# FDA Grandfather date - Possible adjustment



## Alex (2/12/14)

http://www.reddit.com/r/electronic_...0x0/fda_grandfather_date_possible_adjustment/

_Just got word that Speaker of the House Boehner, Majority Leader McCarthy, and Chairman of the Energy & Commerce Cmte. have requested the FDA to adjust the grandfather date for newly deemed tobacco products to either April 25th 2014 (the date of publication of the deeming) or to set it at the date when the final rule is published.

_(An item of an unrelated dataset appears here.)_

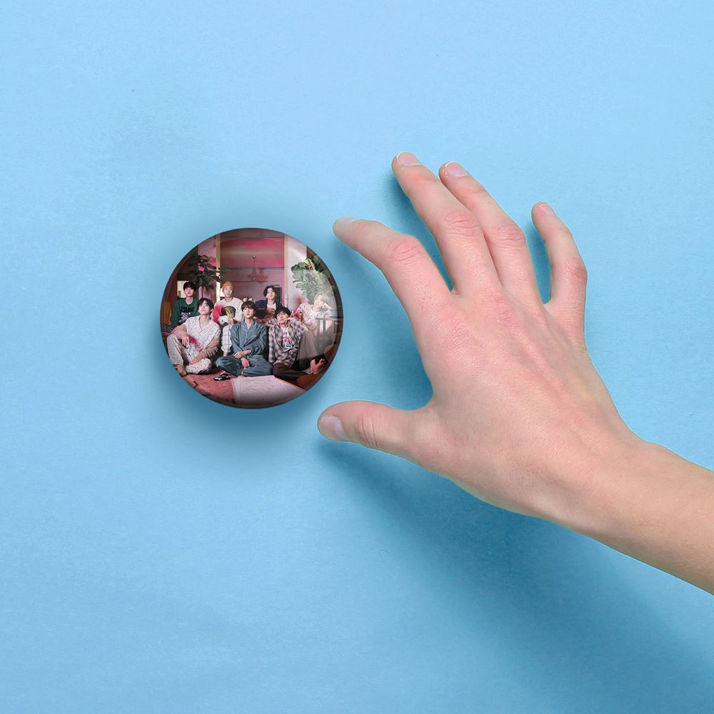 آینه های جیبی گروه بی تی اس BTS خندالو دایره ای به قطر 7.5 سانتی متر می باشد که نه خیلی بزرگ و غیر قابل استفاده در کیف آرایشی ست و نه خیلی کوچک که تصویر خاصی در آن مشاهده نشود. سایزی استاندارد و کارآمد دارد و مناسب قرار گیری در کیف لوازم آرایش و کیف های کوچک دستی نیز هست.

This would be a pretty big and beneficial change for all of us!_


----------



## Andre (2/12/14)

Alex said:


> http://www.reddit.com/r/electronic_...0x0/fda_grandfather_date_possible_adjustment/
> 
> _Just got word that Speaker of the House Boehner, Majority Leader McCarthy, and Chairman of the Energy & Commerce Cmte. have requested the FDA to adjust the grandfather date for newly deemed tobacco products to either April 25th 2014 (the date of publication of the deeming) or to set it at the date when the final rule is published.
> 
> ...


Yes, that would help a lot. Explained by one of the members on reddit as follows;

_My very basic understanding is that originally the FDA proposed that only electronic cigarette related merchandise (I'm being vague because I don't remember the exact terms, but such as juice and devices) that was created before a certain date would be "grandfathered". The "grandfather" date was in like 2012 I think. Anything else after that date would have to go through a rigorous FDA process that would cost businesses a lot of time and money, in essence potentially forcing the smaller business owners out of the market. Moving that date up to something more reasonable, like at least 2014, would mean the more modern devices wont be forced to undergo this process. Someone will probably correct me here, but that's what I'm understanding this as._

Reactions: Thanks 1


----------



## Alex (2/12/14)

Andre said:


> Yes, that would help a lot. Explained by one of the members on reddit as follows;
> 
> _My very basic understanding is that originally the FDA proposed that only electronic cigarette related merchandise (I'm being vague because I don't remember the exact terms, but such as juice and devices) that was created before a certain date would be "grandfathered". The "grandfather" date was in like 2012 I think. Anything else after that date would have to go through a rigorous FDA process that would cost businesses a lot of time and money, in essence potentially forcing the smaller business owners out of the market. Moving that date up to something more reasonable, like at least 2014, would mean the more modern devices wont be forced to undergo this process. Someone will probably correct me here, but that's what I'm understanding this as._



It would be amazing if this really happens, but with politicians...who knows


----------